Pictured from left to right accepting Project of the Year Award from New York Section of the American Water Works Association: Allan Gates, National Sales Manager for Trojan UV (equipment used on project); Philip Carlucci, President of Philip Ross Industries (Contractor on Project); Steven A. Fangmann, P.E., President of D&B Engineers and Architects, P.C.; and Cinar Akman, GA Fleet Associates (Vendor Representative for Trojan UV).


Woodbury, N.Y. — D&B Engineers and Architects President Steven Fangmann, P.E. recently accepted the Project of the Year Award from the New York Section of the American Water Works Association (AWWA). The project team received the award for designing and building the first Advanced Oxidation Process (AOP) system for the treatment of the emerging contaminant 1,4 -dioxane in drinking water in New York State. The team worked together to design the mechanical process piping and structural concrete supports for the UV-hydrogen peroxide AOP system. The full-scale Trojan UV system was designed and implemented to provide treatment for 1,4-dioxane in a 1,200 gpm production well.

Exposure to 1,4-dioxane which is used as a solvent and in other commercial applications, can cause damage to the central nervous system, liver and kidneys, and is a recognized carcinogen.

“The problem of 1,4-dioxane contamination of drinking water is growing across the nation,” commented Fangmann. “At D&B we are dedicated to working with our public-sector clients and committed to ensuring that all of our public projects achieve the goal of protecting the public. This Project of the Year Award is a perfect example of how we work collaborative with government and private sector partners to improve and ensure the future quality of drinking water in Suffolk County and New York State.”

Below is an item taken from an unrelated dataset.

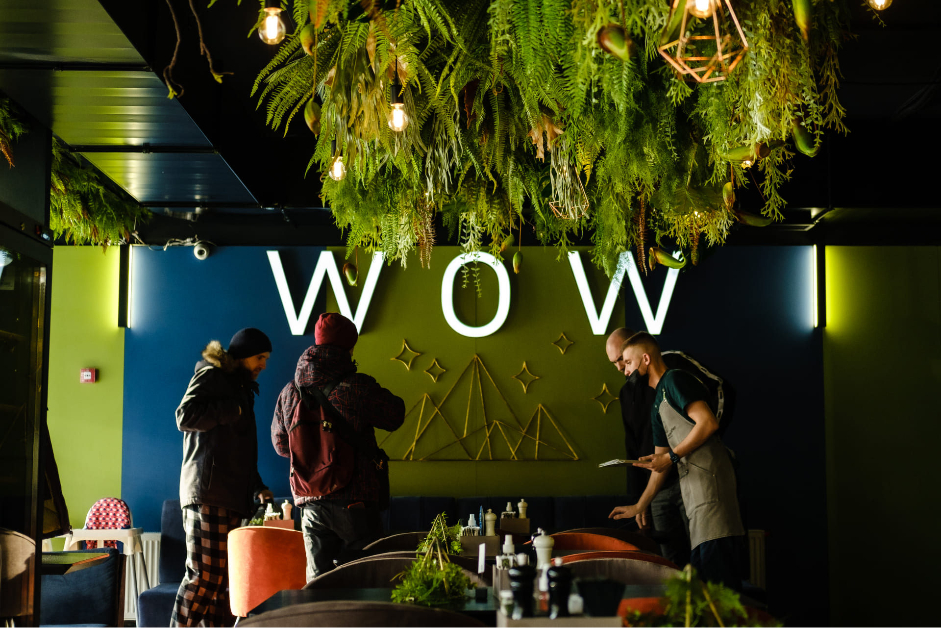 Вечнозеленые цветы и пальмовые листья в интерьере – атмосферное напоминание о том, как важно позволять себе отдыхать от повседневных забот и наслаждаться жизнью. В том числе через гастрономические ощущения. В wow.kitchen вы найдете одно из самых больших меню завтраков, авторские напитки и блюда от шефа, которые навеяны как классическими сочетаниями вкусов, так и яркой экзотикой.

Fangmann further noted that this shared award was achieved through a collaborative team approach where professionals from the Suffolk County Water Authority Phillip Ross Industries and Trojan UV all played instrumental roles.

“The project’s manager, Joe Roccaro of the Suffolk County Water Authority, deserves special recognition for his leadership and determination that kept this project moving forward, and also for spearheading the permitting coordination,” Fangmann said.

As the first AOP system to be reviewed and approved in NYS, the regulatory framework for compliance needed to be developed. This effort included creating operating procedures, developing process control parameters and establishing sampling requirements. Under Mr. Roccaro’s leadership, the team worked closely with both the New York State and Suffolk County Departments of Health to address all issues which lead to the final full-scale design approval of the entire UV- H2O2 AOP system.